I need to get a set of total transactions over time on a weekly interval. Essentially I need a total-transactions-to-date column. When I group by WEEK(Date) I get the amount of transactions for that week, but need to also get the transactions from any time before that week as well.

So let's say I have a table like this:

TransactionID  | Date
---------------|-----------
             1 | 8-04-2014
             2 | 8-05-2014
             3 | 8-18-2014
             4 | 8-18-2014
             5 | 8-20-2014

I want to have a select statement that would provide me with something like

TotalTransactionsToDate | Week | Year
------------------------|------|------
                      2 |    1 | 2014
                      5 |    3 | 2014

I am using MySql 5.5.38

Answer 1

What you want is called the cumulative sum, you can do something like:

create table transactions (transactionid int, d date);
insert into transactions (transactionid, d) 
    values (1, '2014-08-04'),(2,'2014-08-05'), (3, '2014-08-18')
         , (4, '2014-08-18'), (5,'2014-08-20');

select x.y, x.w,  count(1) 
from ( 
   select distinct year(d) as y, week(d) as w 
   from transactions
) as x 
join transactions y 
    on year(y.d) < x.y
    or ( year(y.d) = x.y
     and week(y.d) <= x.w ) 
group by x.y, x.w;  

+------+------+----------+
| y    | w    | count(1) |
+------+------+----------+
| 2014 |   31 |        2 |
| 2014 |   33 |        5 |
+------+------+----------+

I did not see your additional request for 2 2 for 2014. You can do that by replacing:

select distinct year(d) as y, week(d) as w 
from transactions 

...with an expression that creates the whole domain for weeks.

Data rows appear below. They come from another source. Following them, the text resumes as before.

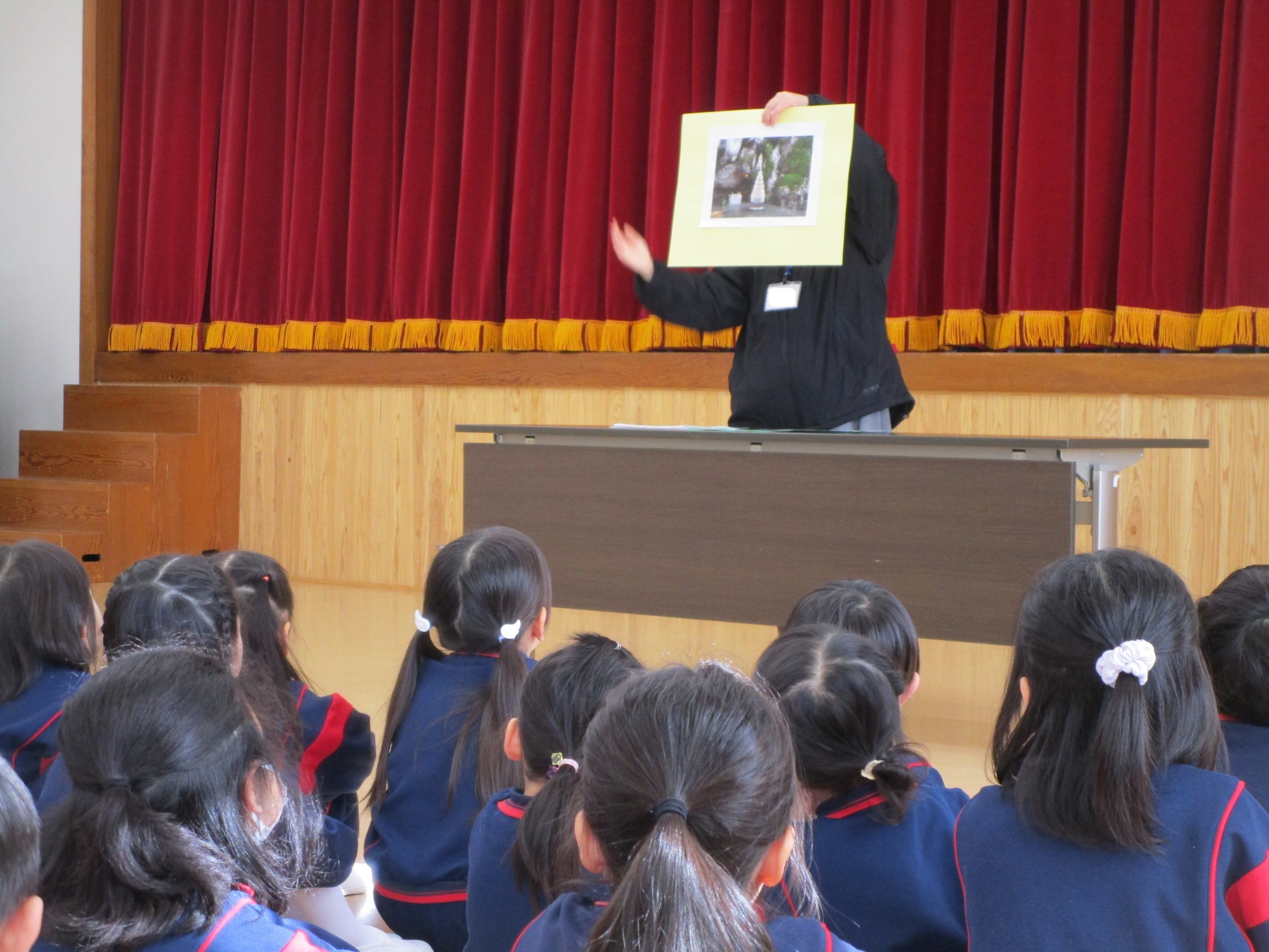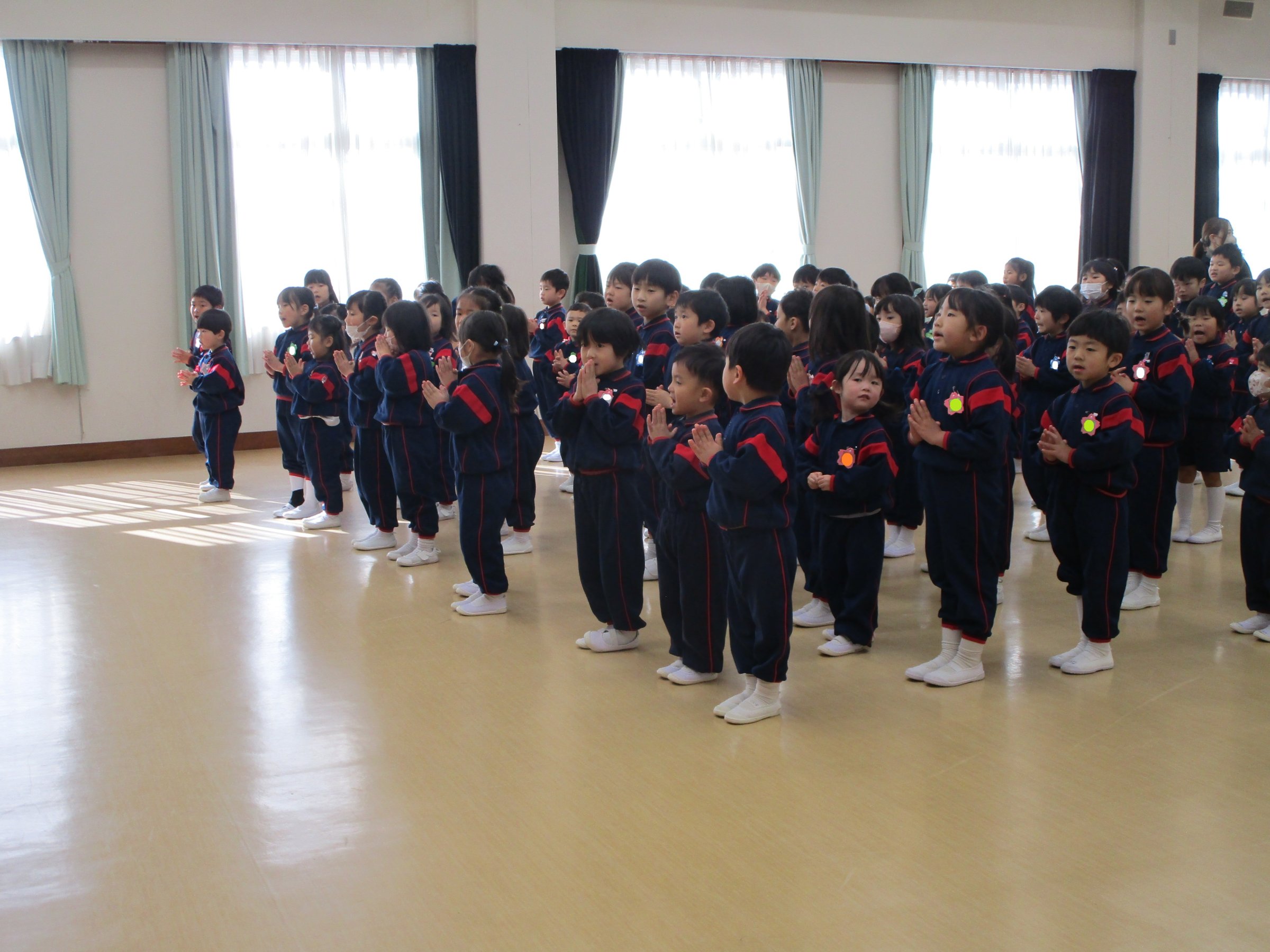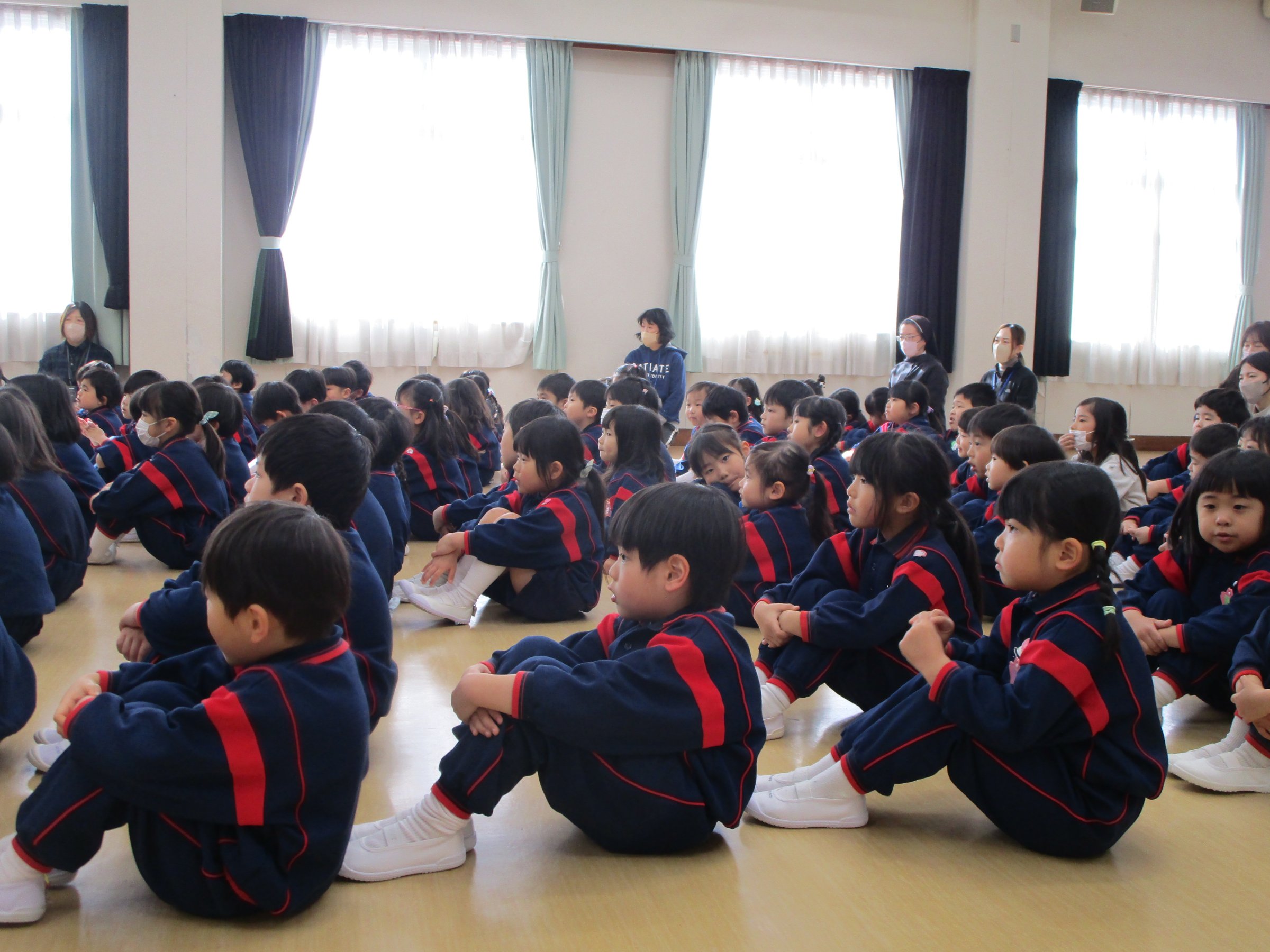 今日は、全園児が信徒会館に集まり、園長先生による神様のお話を聞きました。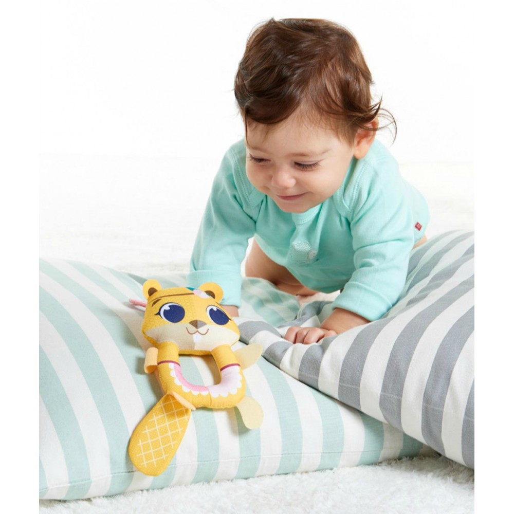 Удобное крепление колечко подойдет для подвешивания игрушки на кроватку, коврик, манеж, коляску или автокресло.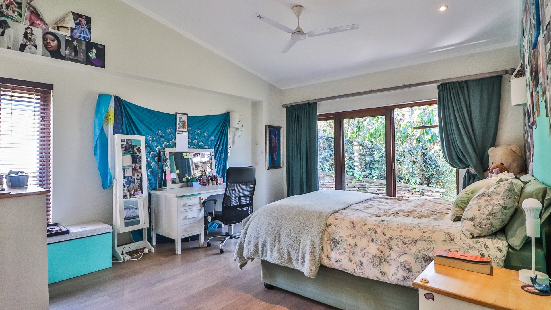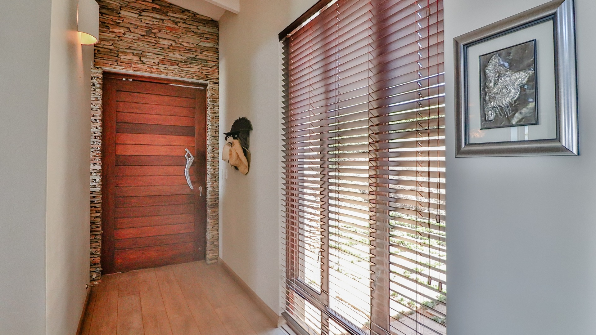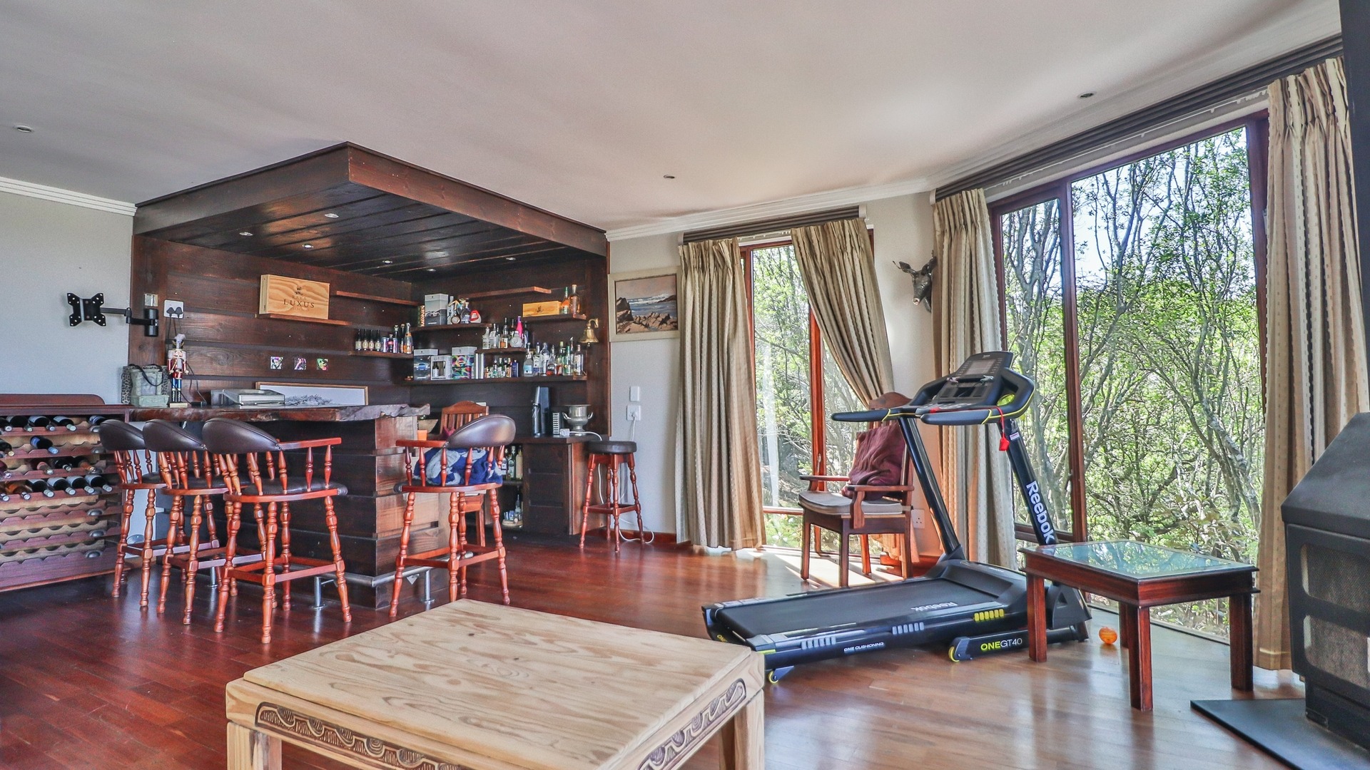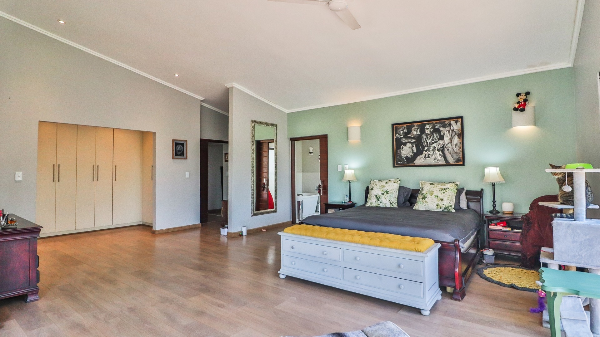 Reiner Forsche design, with vaulted mono pitch ceilings and natural stone features throughout, it stretches itself within the natural shrubbery which abounds. On 1 hectare of land, much of the space is indigenous bush, bird life is abundant, and the birds find this to be their favourite spot. The open plan living areas blends itself into the deck with pool and wrap around verandas which compliment the access to views from every room. The sliding folding doors open fully to optimise the outdoor living which is so prevalent in the lowveld. There is also a viewing deck which is nestled within the natural woodland, perfect for bird watching, an outdoor gym or additional exterior entertainment area.

It is often a good idea to create a calendar table that you can use to join against to get reports for missing values etc.

Answer 2

To get the basic data you need an aggregation:

select 1 + floor(datediff(date, mind) / 7) as week,
       year(date) as year,
       count(*) as num
from atable t cross join
     (select min(date) as mind
      from atable
     ) td
group by 1 + floor(datediff(date, mind) / 7),
         year(date)

You can extend this using variables to get the cumulative sum:

select week, year, num, (@cum := @cum + num) as cum
from (select 1 + floor(datediff(date, mind) / 7) as week,
             year(date) as year,
             count(*) as num
      from atable t cross join
           (select min(date) as mind
            from atable
           ) td
      group by 1 + floor(datediff(date, mind) / 7),
               year(date)
     ) x cross join
     (select @cum := 0) vars
order by year, week;

Answer 3

Maybe you can group it by the most recent Monday of the Date

SELECT COUNT(1) Transactions,WEEK(monday) Week,YEAR(monday) Year
(
    SELECT (Date - INTERVAL WEEKDAY(Date) DAY) monday
    FROM mytable WHERE Date >= MAKEDATE(YEAR(NOW()),1)
) A GROUP BY YEAR(monday),WEEK(monday);

NOTE: The WHERE clause in the subquery collects everything from the first of the Year. You can use whatever WHERE clause is appropriate.

If I understand you correctly, you want to rollup each week with the sum of all weeks prior to a date like a spreadsheet. You would have to set up a user-defined variable and perform the iteration and summation

SET @S = 0;
SELECT
    (@S:=@S+Transactions) TotalTransactionsToDate,
    Week,Year
FROM
(
    SELECT COUNT(1) Transactions,WEEK(monday) Week,YEAR(monday) Year
    (
        SELECT (Date - INTERVAL WEEKDAY(Date) DAY) monday
        FROM mytable WHERE Date >= MAKEDATE(YEAR(NOW()),1)
    ) A GROUP BY YEAR(monday),WEEK(monday)
) AA;

Give it a Try !!!